Now the world appeared to be on its way to Superior, and judging from the traffic, it was heading straight for Wally’s field. Shrimp reached into his lunch pail and pulled out his Thermos. With all this pressure, he knew he better not forget to eat. On doctor’s orders, at least three high-calorie, high-protein shakes a day, if he wanted to make it over the 120-pound minimum by the weigh-in.
On the crest of the hill, a half-mile away, he saw two helicopters flying low, fast and right toward him.
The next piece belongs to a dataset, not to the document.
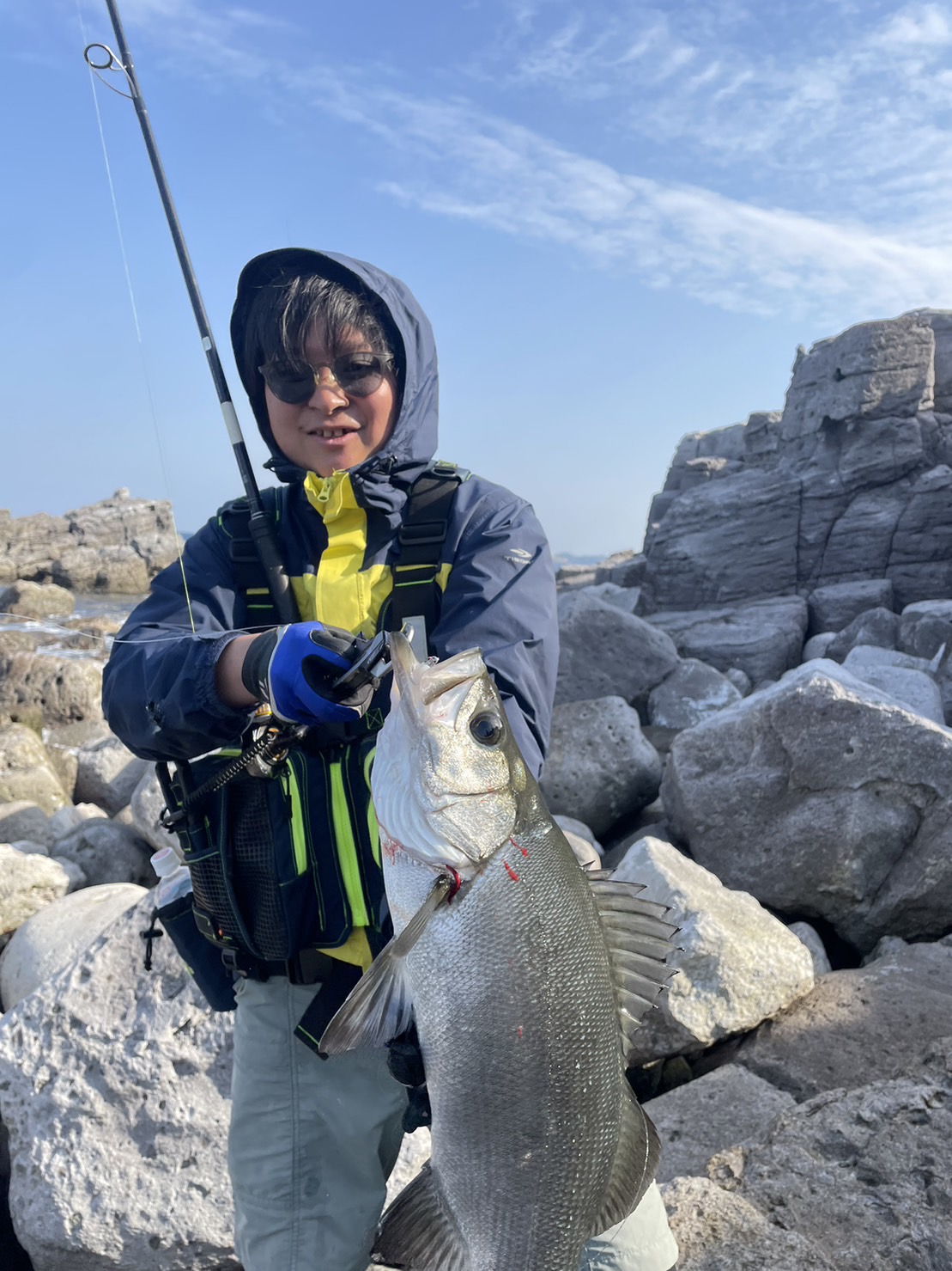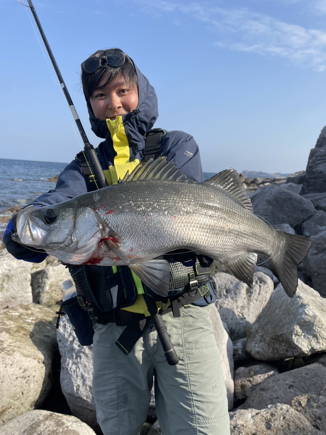 風が一番強い予報だったのでヒラスズキのみ狙いに、手長島という瀬(島?にのせていただきました!

Clutching the Thermos, he got out of the car and stood in the road watching the choppers come closer. He shook a fist at them. They weren’t allowed to fly so low. There were community noise standards. The citizens wouldn’t stand for it.
As the helicopters thumped, he felt the first pang of panic. The rotor blast posed a serious threat. Twice before he’d been knocked flat by the hospital chopper from Lincoln. It was a peril of weighing 114 pounds.
He braced himself and blew his whistle frantically. They buzzed right over him. The gust from the rotors hit him hard and he staggered to stay upright. His hat went flying off his head, down the road and into the ditch. Shrimp reached into the car for his radio.
“All units, I don’t know what the code is for this, but I’ve got two helicopters speeding on Main Street. Stop them, boys. Stop them right now.”
Then he stomped his boots in the dirt and skidded down the embankment to fetch his hat. The slope was steep and wet from the morning dew. His hat, brand-new all the way from Wahoo, was covered with mud. He wiped it off on his sleeve and started to climb. Halfway up the slope, he saw the convoy of six big satellite trucks thundering toward him. He froze.
As they roared by, the blast of wind hit him like a twister and he felt himself sailing—arms and legs akimbo—through the air and right back into that muddy ditch.
From his bedroom window, Wally looked down on his field where several hundred reporters and photographers milled around waiting for the official kickoff of the world record attempt. The Bargen sisters from down the road were selling lemonade and cookies to the strangers. Darting through the mob, young Blake was raking in coins with his very own “Official 747 Program,” created and photocopied at the public library.